In the wake of the global financial crisis austerity measures have forced people to come to terms with more limited life chances due to market failure. This project aims to empower people through providing them with new ways of thinking politically about the modern economy's major institution. It asks questions about how market ideology has become so prevalent in everyday life and what might be done to challenge the social authority of the economic models on which that ideology is based. It also asks how market ideology has evolved from an often unpromising start, revealing the little known history of the failures of the theories on which these economic models are based.

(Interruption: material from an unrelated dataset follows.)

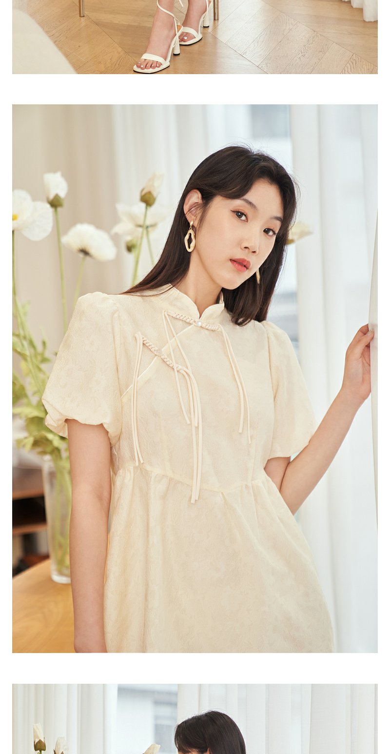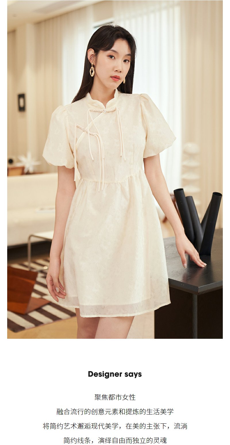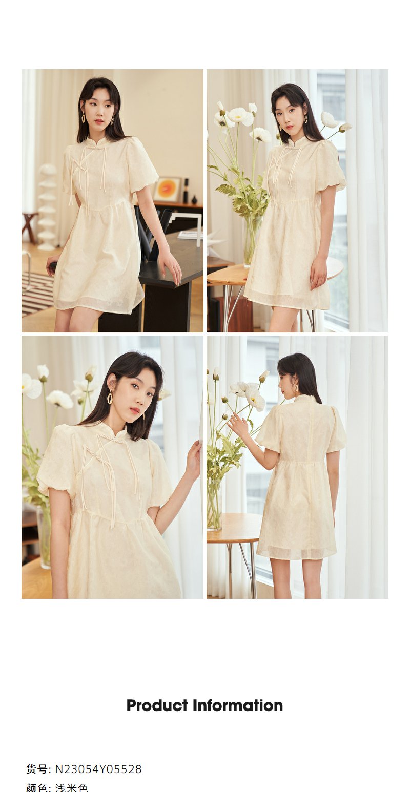 NEELLY纳俪新中式国风连衣裙女收腰泡泡袖精致重工收腰旗袍裙夏季N23054Y05528

Professor Matthew Watson, Project Lead

Modern meanings of 'the market'

The ease with which economic concepts today cross over from abstract academic work to concrete everyday practices typically obscures both the intellectual and political battles which had to be fought to entrench particular understandings of economic life over others. Most people in the UK are only too familiar, for instance, with what it feels like to be surrounded by the institutional apparatus of a market economy and to be hailed as a conscious market subject who must be wary not to transgress the related behavioural norms. Yet very few even amongst the academic community are aware of the precise circumstances in which the struggle took place to impose the modern meaning of 'the market', nor yet the pedagogical strategies through which that meaning increasingly became accepted. These are questions that cry out for historicisation, so that market models can be understood through reference to the contexts in which they were first formulated. It is thus important to move away from a mode of telling the history of economic thought whereby economists are believed to have been involved in a single 250-year process of perfecting basic market models. The actual history is much more fraught than this, involving serious soul-searching about the outer limits of these models' usefulness as well as outright condemnation of the image of economics that they call forth. The history of economic thought contains as many stories about the failures of basic market models as it does its successes, and only the subsequent political whitewashing of the former has allowed the latter to stand unchallenged. To be hailed as a conscious market subject might well merely represent today's political common sense, but it occurs against the background of significant contradictory evidence.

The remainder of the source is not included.